**WORK ITEM**: Leaving out the pictures, retype the lines from the beginning of the listing through the line containing "GO功能分析结果显示,表达上".

**DATA SHOWN**:
%%
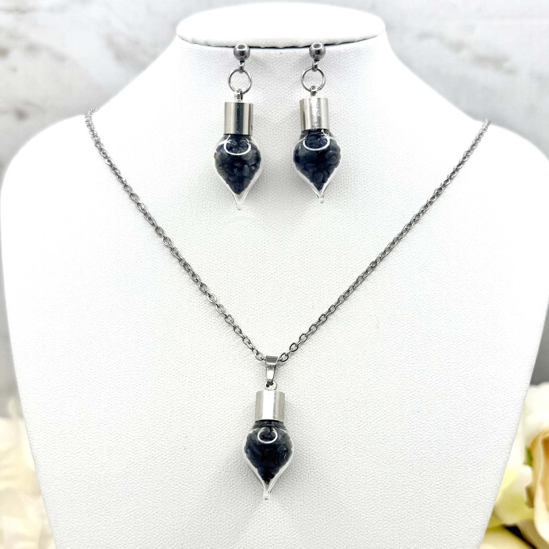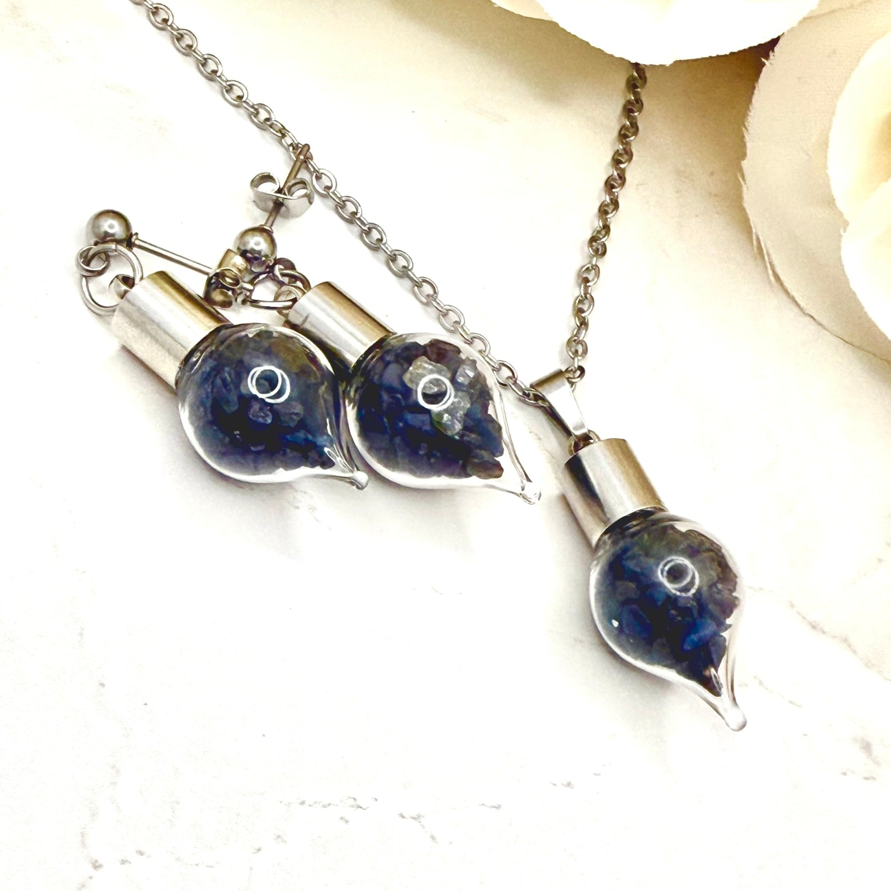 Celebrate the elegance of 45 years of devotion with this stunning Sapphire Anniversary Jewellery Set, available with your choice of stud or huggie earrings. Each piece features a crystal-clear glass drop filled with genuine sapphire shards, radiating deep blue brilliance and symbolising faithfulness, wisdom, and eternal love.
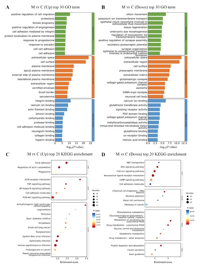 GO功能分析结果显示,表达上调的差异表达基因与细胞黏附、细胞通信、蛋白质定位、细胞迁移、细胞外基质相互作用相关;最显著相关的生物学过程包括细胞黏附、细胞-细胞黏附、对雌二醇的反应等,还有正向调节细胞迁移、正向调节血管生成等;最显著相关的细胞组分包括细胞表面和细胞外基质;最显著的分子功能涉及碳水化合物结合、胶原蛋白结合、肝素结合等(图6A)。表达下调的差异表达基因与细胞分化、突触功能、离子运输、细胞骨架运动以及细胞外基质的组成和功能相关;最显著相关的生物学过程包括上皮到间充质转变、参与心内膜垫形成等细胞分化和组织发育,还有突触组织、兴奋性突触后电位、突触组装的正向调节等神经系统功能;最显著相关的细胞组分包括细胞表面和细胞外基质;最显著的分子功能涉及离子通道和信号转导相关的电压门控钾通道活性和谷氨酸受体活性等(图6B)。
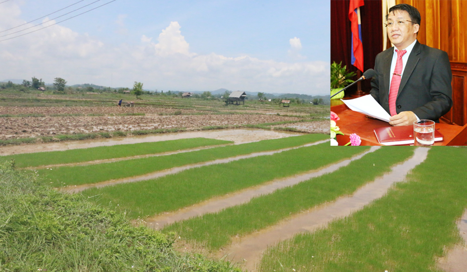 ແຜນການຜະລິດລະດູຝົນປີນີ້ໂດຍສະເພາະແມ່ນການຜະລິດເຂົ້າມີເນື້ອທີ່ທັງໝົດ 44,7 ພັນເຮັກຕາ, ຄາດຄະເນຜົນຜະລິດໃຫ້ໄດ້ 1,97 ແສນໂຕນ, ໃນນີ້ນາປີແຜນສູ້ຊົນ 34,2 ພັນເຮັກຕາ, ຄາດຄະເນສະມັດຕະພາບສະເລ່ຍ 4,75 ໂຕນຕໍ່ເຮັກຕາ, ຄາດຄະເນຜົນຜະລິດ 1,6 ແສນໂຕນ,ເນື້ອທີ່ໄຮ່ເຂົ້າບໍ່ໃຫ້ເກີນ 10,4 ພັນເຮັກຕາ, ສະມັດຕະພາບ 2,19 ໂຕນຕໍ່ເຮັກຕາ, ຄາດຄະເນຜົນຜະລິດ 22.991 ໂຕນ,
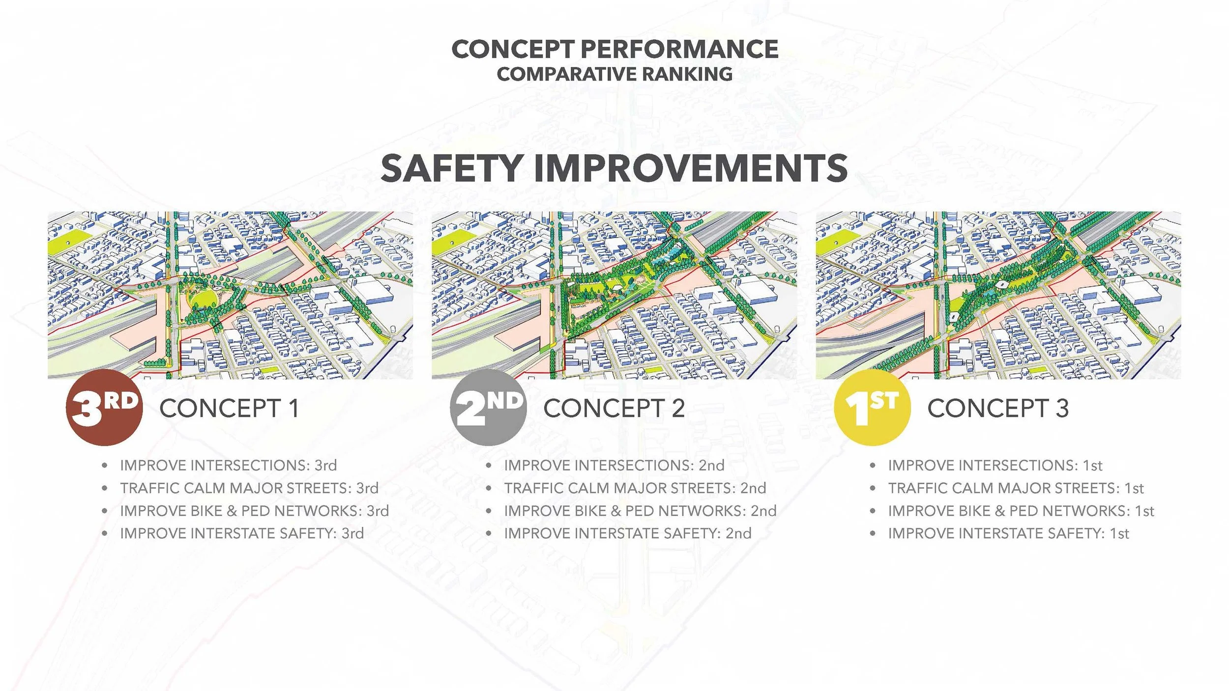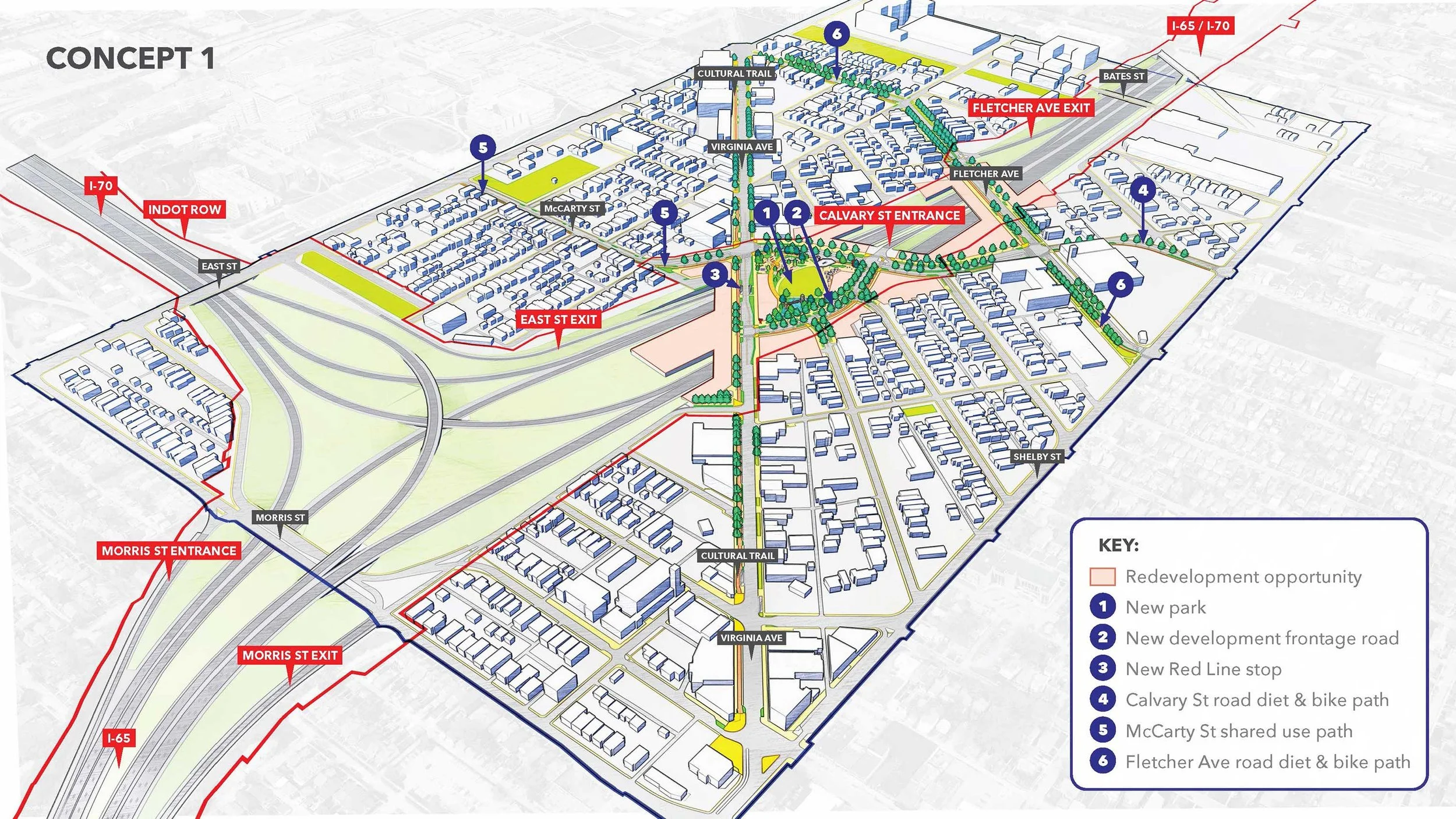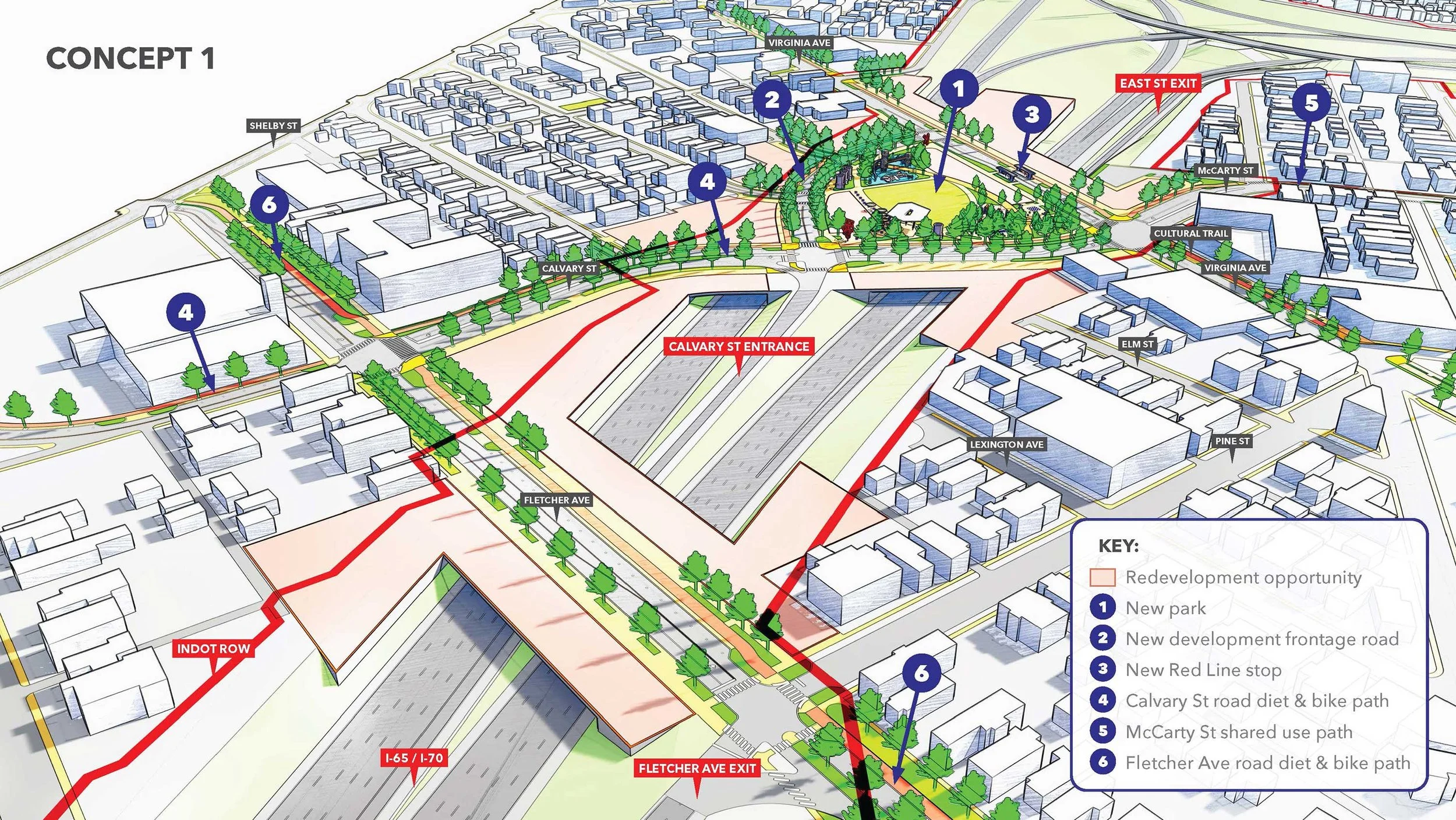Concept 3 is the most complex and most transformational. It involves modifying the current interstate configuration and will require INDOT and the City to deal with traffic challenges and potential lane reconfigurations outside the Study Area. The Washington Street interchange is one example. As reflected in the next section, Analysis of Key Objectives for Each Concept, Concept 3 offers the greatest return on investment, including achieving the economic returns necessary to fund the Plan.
%%
**SOLVED PROBLEM**:
 Celebrate the elegance of 45 years of devotion with this stunning Sapphire Anniversary Jewellery Set, available with your choice of stud or huggie earrings. Each piece features a crystal-clear glass drop filled with genuine sapphire shards, radiating deep blue brilliance and symbolising faithfulness, wisdom, and eternal love.
 GO功能分析结果显示,表达上调的差异表达基因与细胞黏附、细胞通信、蛋白质定位、细胞迁移、细胞外基质相互作用相关;最显著相关的生物学过程包括细胞黏附、细胞-细胞黏附、对雌二醇的反应等,还有正向调节细胞迁移、正向调节血管生成等;最显著相关的细胞组分包括细胞表面和细胞外基质;最显著的分子功能涉及碳水化合物结合、胶原蛋白结合、肝素结合等(图6A)。表达下调的差异表达基因与细胞分化、突触功能、离子运输、细胞骨架运动以及细胞外基质的组成和功能相关;最显著相关的生物学过程包括上皮到间充质转变、参与心内膜垫形成等细胞分化和组织发育,还有突触组织、兴奋性突触后电位、突触组装的正向调节等神经系统功能;最显著相关的细胞组分包括细胞表面和细胞外基质;最显著的分子功能涉及离子通道和信号转导相关的电压门控钾通道活性和谷氨酸受体活性等(图6B)。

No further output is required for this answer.